■ PROBLEM TO SOLVE: Once the line holding "Wyobraź sobie, że" appears, repeat it and each line after it to the end of the data, exactly and with nothing else; pictures stay out.

■ AVAILABLE DATA:
* * * * * * * * *
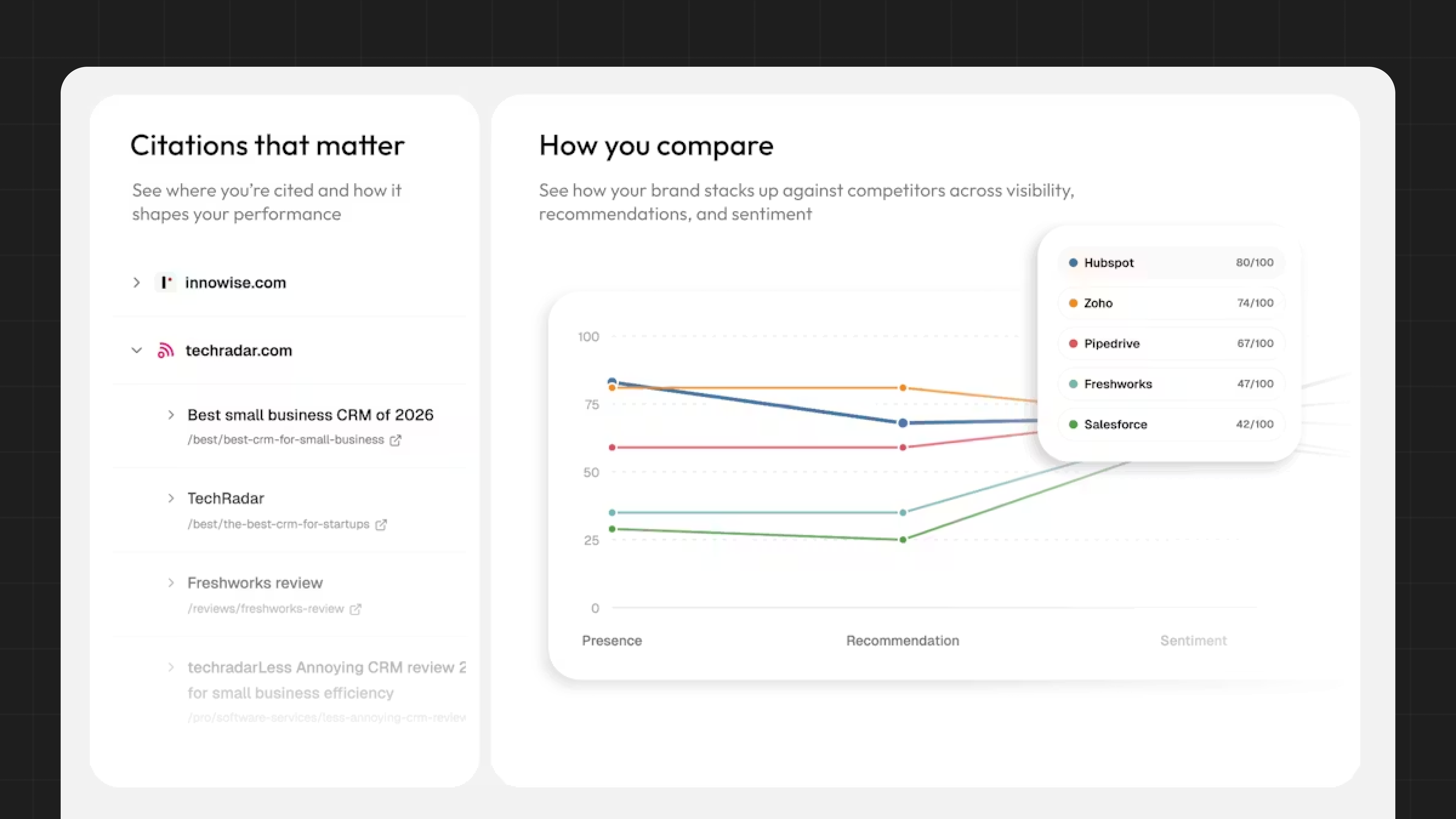 Competitor comparison lets you run the same queries and see how your brand’s presence stacks up against named competitors in the same AI response. This is particularly valuable for understanding category positioning, whether your brand appears alongside, above, or absent from the set of options an AI recommends.
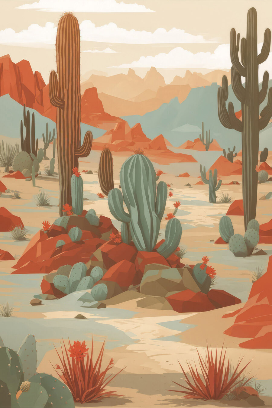 Wyobraź sobie, że wchodzisz do swojego pokoju i natychmiast przenosisz się na rozświetloną słońcem pustynię, gdzie kaktusy stoją wysoko, a skały opowiadają historie o ponadczasowości. Ten obraz na płótnie “Desert Landscape with Cactuses and Rocks” wnosi odrobinę artyzmu natury bezpośrednio na ścianę, dodając klimat, który jest zarówno uspokajający, jak i pełen przygód. To trochę jak posiadanie małej pustynnej oazy, bez palącego upału, ale z zachowaniem surowego uroku. Idealny dla tych, którzy uwielbiają odrobinę dzikiego i cudownego w swoim przytulnym kącie!
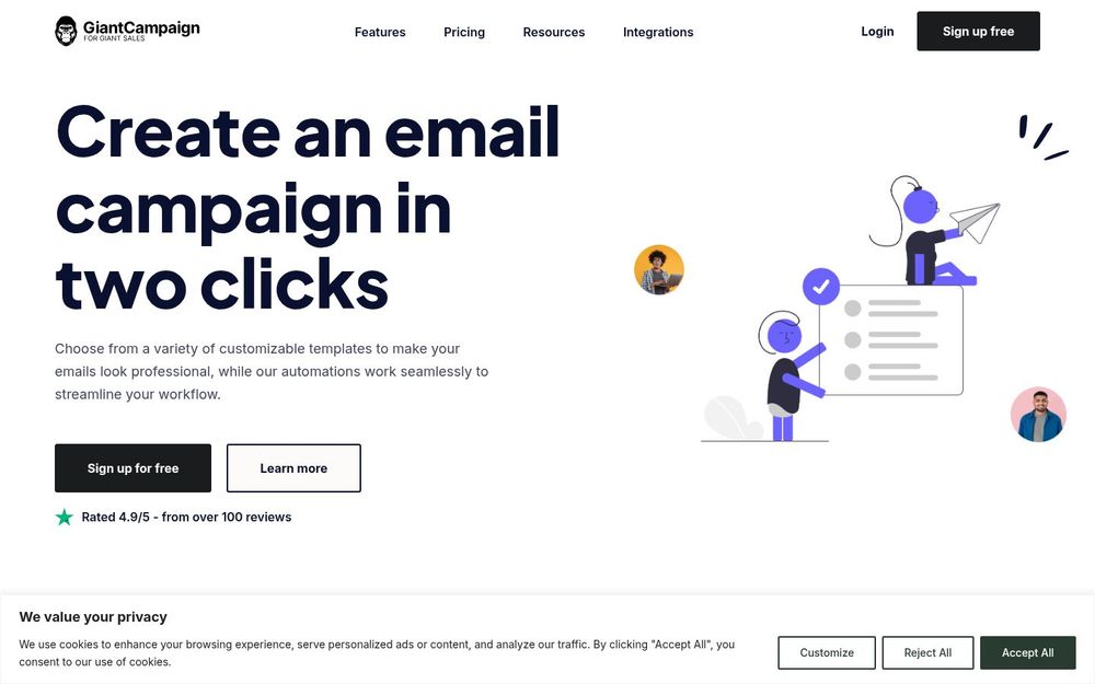 GiantCampaign 是一款综合性的电子邮件营销平台,旨在帮助企业快速创建高质量邮件、自动化客户旅程并通过数据洞察提升营销效果。网站主打“Create an email campaign in two clicks”,强调通过可定制模板与自动化工具降低操作复杂度,同时兼顾站内互动和多渠道整合,支持实时分析与丰富的第三方集成。
* * * * * * * * *
■ RESULT FOR THIS TASK:
 Wyobraź sobie, że wchodzisz do swojego pokoju i natychmiast przenosisz się na rozświetloną słońcem pustynię, gdzie kaktusy stoją wysoko, a skały opowiadają historie o ponadczasowości. Ten obraz na płótnie “Desert Landscape with Cactuses and Rocks” wnosi odrobinę artyzmu natury bezpośrednio na ścianę, dodając klimat, który jest zarówno uspokajający, jak i pełen przygód. To trochę jak posiadanie małej pustynnej oazy, bez palącego upału, ale z zachowaniem surowego uroku. Idealny dla tych, którzy uwielbiają odrobinę dzikiego i cudownego w swoim przytulnym kącie!
 GiantCampaign 是一款综合性的电子邮件营销平台,旨在帮助企业快速创建高质量邮件、自动化客户旅程并通过数据洞察提升营销效果。网站主打“Create an email campaign in two clicks”,强调通过可定制模板与自动化工具降低操作复杂度,同时兼顾站内互动和多渠道整合,支持实时分析与丰富的第三方集成。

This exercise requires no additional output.